Interracting with Metal PointCloud

I am trying to build an App that allows the user to interact (tap in the view to get 3D coordinates of the tapped location) with a MTKView and the Point Cloud that is drawn on it, using SwiftUI.

Based on the Displaying a Point Cloud Using Scene Depth sample App I managed to save a frame and the needed data to draw the captured image in the MTKView. From what I read from this post, I need to store a given set of information (depthMap / capturedImage /...) to be able to access the 3D data of each point. I am not sure to understand fully how to do this.

I suppose that, by multiplying the cameraIntrinsicsInversed matrix by the localToWorld matrix and depthMap, I can recreate a 3D map of the captured image?

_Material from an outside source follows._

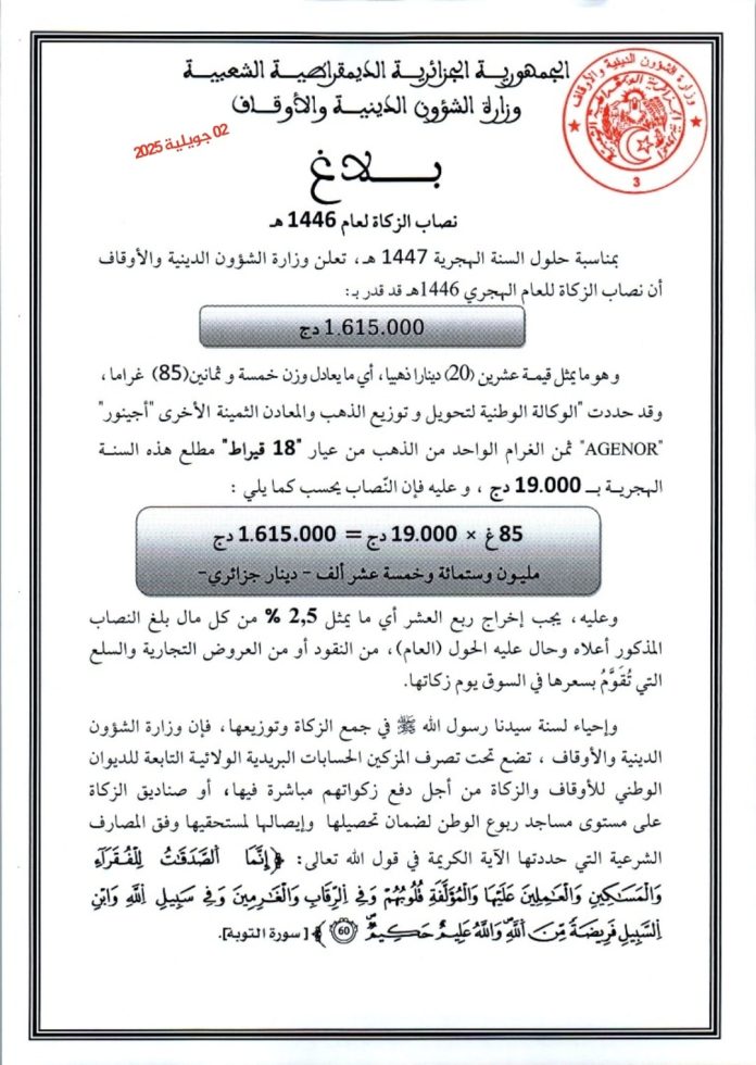 أعلنت وزارة الشؤون الدينية والأوقاف، في بيان لها اليوم الأربعاء، أن نصاب الزكاة للسنة الهجرية 1447 قد حُدّد بمبلغ 1.615.000 دينار جزائري، وهو ما يعادل قيمة 20 دينارًا ذهبياً أو ما يزن 85 غراماً من الذهب.

Once the 3D map is created I would have a 256x192 matrix that maps each pixel to it's 3D coordinates. Which would mean that, when tapping in the MTKView, I would have to fetch the coordinates for the pressed location which can then be shown to the user.

However the MTKView is way bigger than the drawn image. On top of that I would expect the drawn image to be either 256x192 pixels or a ratio of the capturedImage over the depthMap, which is not the case.

Is there a way to fit the drawn image to the whole MTKView? Do I need to set a frame for the MTKView? If so, what should be the size of it since I cannot seem to find the size of the drawn image.

Is my train of thought correct or am I missing some information to make this possible? Any help would be much appreciated!